Directions for this task: First find the line with "Zestaw 3w1: Shopperka", then reproduce it and all following lines of the data to the end, exactly and with no pictures, adding nothing.

[Entries taken from a collection]
*** Block opens ***

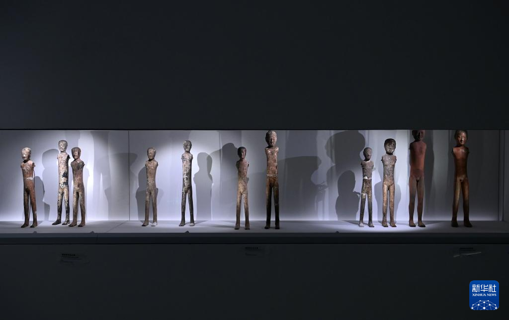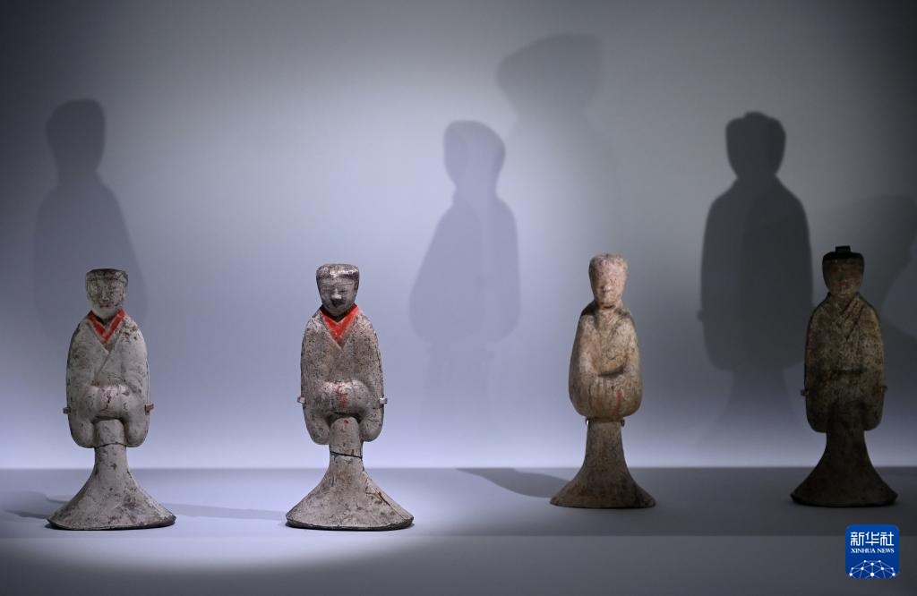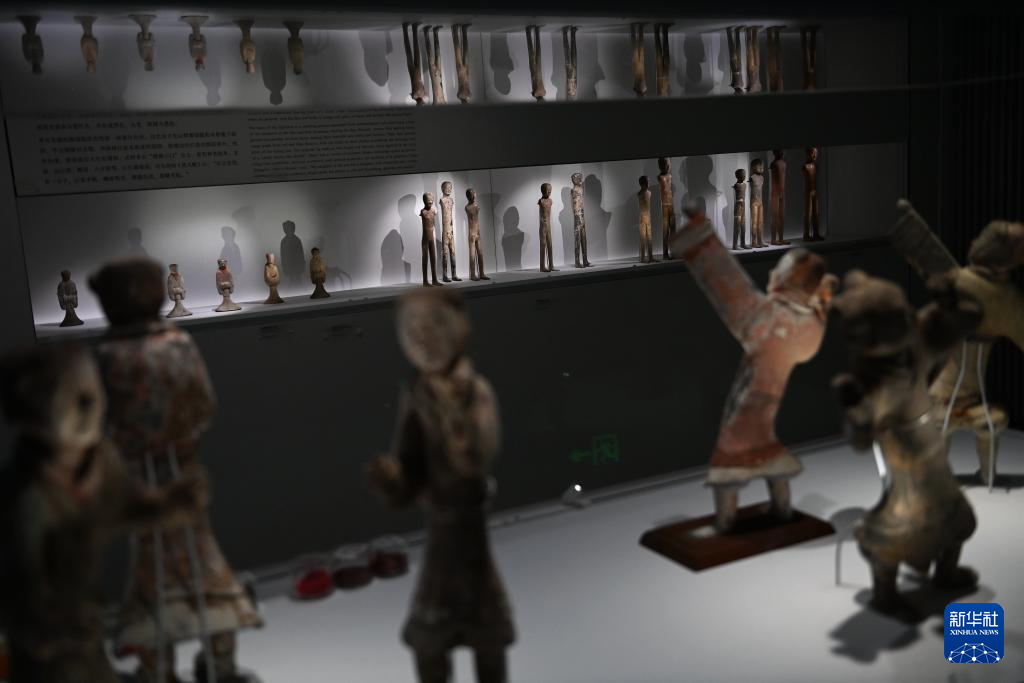 陕西历史博物馆秦汉馆内展出的西汉彩绘着衣式俑(5月13日摄)。
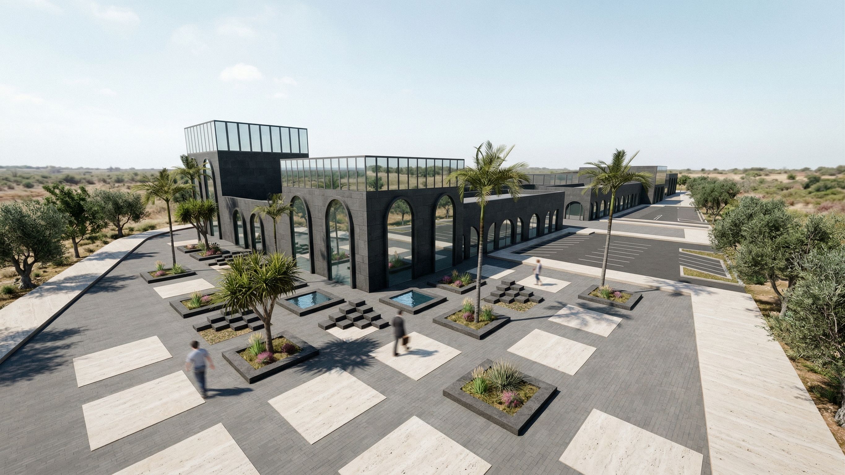 Apply realistic materials: clean modern glass facades with subtle reflections and natural stone cladding with fine texture detail.
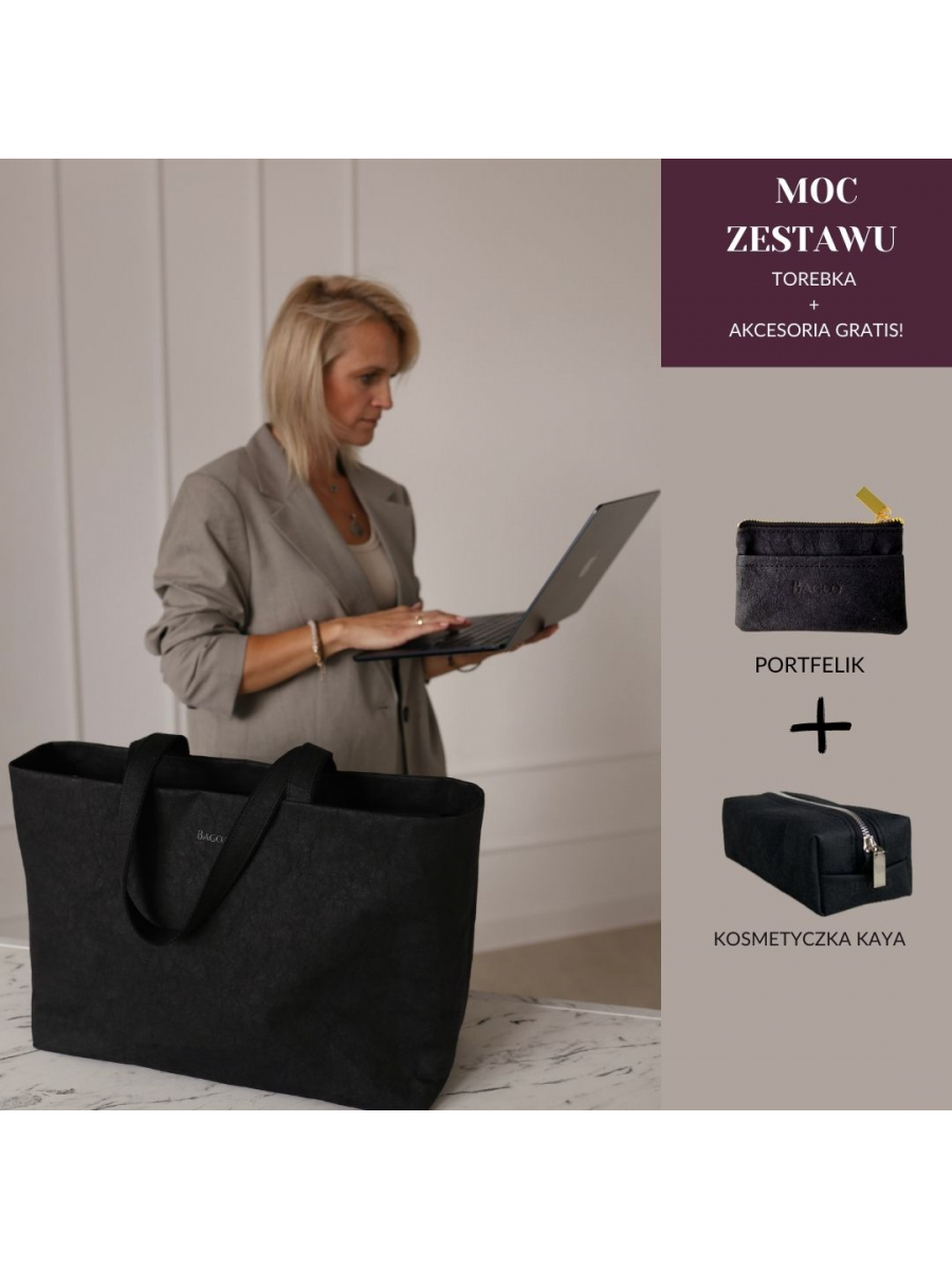 Zestaw 3w1: Shopperka Holly, kosmetyczka i portfelik w cenie torebki - czarny - złote okucia
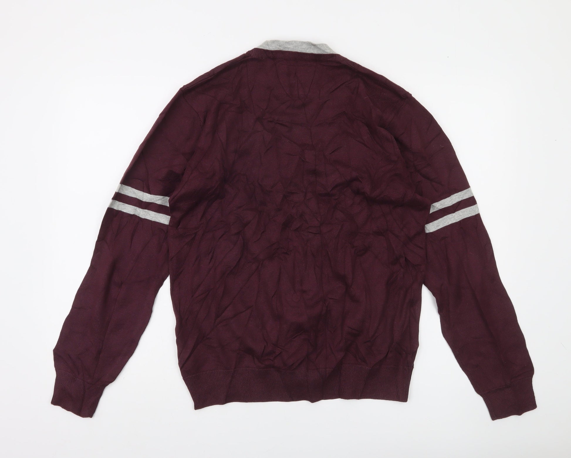 Lee Cooper Men’s Purple Cotton Button V-Neck Cardigan L
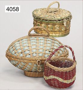 Konv. 3 Holzkörbchen, 1 runder Korb, Durchm. 10 cm, mit Deckel, 1 x mit Trageriemen, 10,5 cm hoch, 1 x eierförmiger Stroh-Korb mit minzfarbenen Einsätzen, 12 cm hoch, 18 cm breit

*** Block closes ***

Solution to this task:
 Zestaw 3w1: Shopperka Holly, kosmetyczka i portfelik w cenie torebki - czarny - złote okucia
 Lee Cooper Men’s Purple Cotton Button V-Neck Cardigan L
 Konv. 3 Holzkörbchen, 1 runder Korb, Durchm. 10 cm, mit Deckel, 1 x mit Trageriemen, 10,5 cm hoch, 1 x eierförmiger Stroh-Korb mit minzfarbenen Einsätzen, 12 cm hoch, 18 cm breit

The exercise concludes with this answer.